China and the US are reportedly having private conversations about restarting talks in an attempt to prevent a full-scale trade war. The latest wave of US tariffs could arrive by midweek, but there appears to be a growing desire for both parties to come to the table to try and broker a deal that could ease tensions.

Representatives close to China Vice Premier Liu He and United States Treasury Secretary Steve Mnuchin are apparently talking behind the scenes with the aim of coming together again to restart negotiations. This is according to two sources close to the trade effort.

The exact timescale for any talks is unknown just yet. A back-and-forth on the issues needs discussion, as does a format for each side to posit proposals. All that is in place right now is an acknowledgement in both camps that more talks are necessary on trade.

The conflict has continued to rumble on since the first round of tariffs were introduced, with neither side willing to back down or come to the table to take part in negotiations to resolve the issue. Another anonymous source claimed that high-level US talks on how to proceed with trade and China will take place sometime later this week.

US Trade Representative Robert Lighthizer could pose a challenge to Mnuchin’s efforts, as he has jurisdiction over an investigation that was a primary factor in the Trump administration’s decision to implement tariffs. The US’ 301 case concluded that China was using its trade position to steal American tech and that tariffs were the best course of action to mitigate risks and offset damages.

A new wave of US tariffs is on the horizon and could come into play by Wednesday, with USD $16bn of Chinese imports being the target. Beijing has said on several occasions that it does not want a full-blown trade war but will not back down in the face of provocation from the US, so it is no surprise that officials have vowed to return the next tariffs in kind on US products.

China’s state-run news agency, Xinhua, said on Tuesday that geopolitical tensions and other risks will not prevent the country from hitting its economic growth target for the year. The world’s second-largest economy is already facing up to the impact of a multi-year deleveraging initiative, which has put a spanner in the works for planned government projects and increased corporate borrowing costs.

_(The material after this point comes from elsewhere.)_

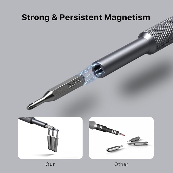 - [Bearing Steel Bits] All precision bits are made of the best Bearing Steel (Steel for tanks) and the hardness can reach over HRC65°, resist abrasion, oxidation and corrosion, ensure long time use. In addition, the strong magnetize-able tip easily pick-up and hold screws, helping you handle all tiny screws.

Xinhua noted that there are “significant changes in the external environment” that could pose a problem in the short term but was bullish about China’s ability to battle against these risks and challenges and maintain confidence. It added that “stabilizing employment, finance, foreign trade and investment” would be key during the next six months. 

Economic growth cooled slightly during the second quarter of 2018, but the 6.7% figure was still ahead of the 6.5% growth target for the year. The trade row with Washington is a particular area of concern, but a slowing domestic property market and a downturn in outbound shipments have also put a crimp on the economic outlook.

China’s cabinet is eager to offset some of these external uncertainties, and it pledged to adopt a more vigorous fiscal policy to support economic growth. There will also be a boost in infrastructure investment, lower corporate costs and greater support for innovations. According to a recent Reuters report, borrowing curbs on local governments will soon ease as well.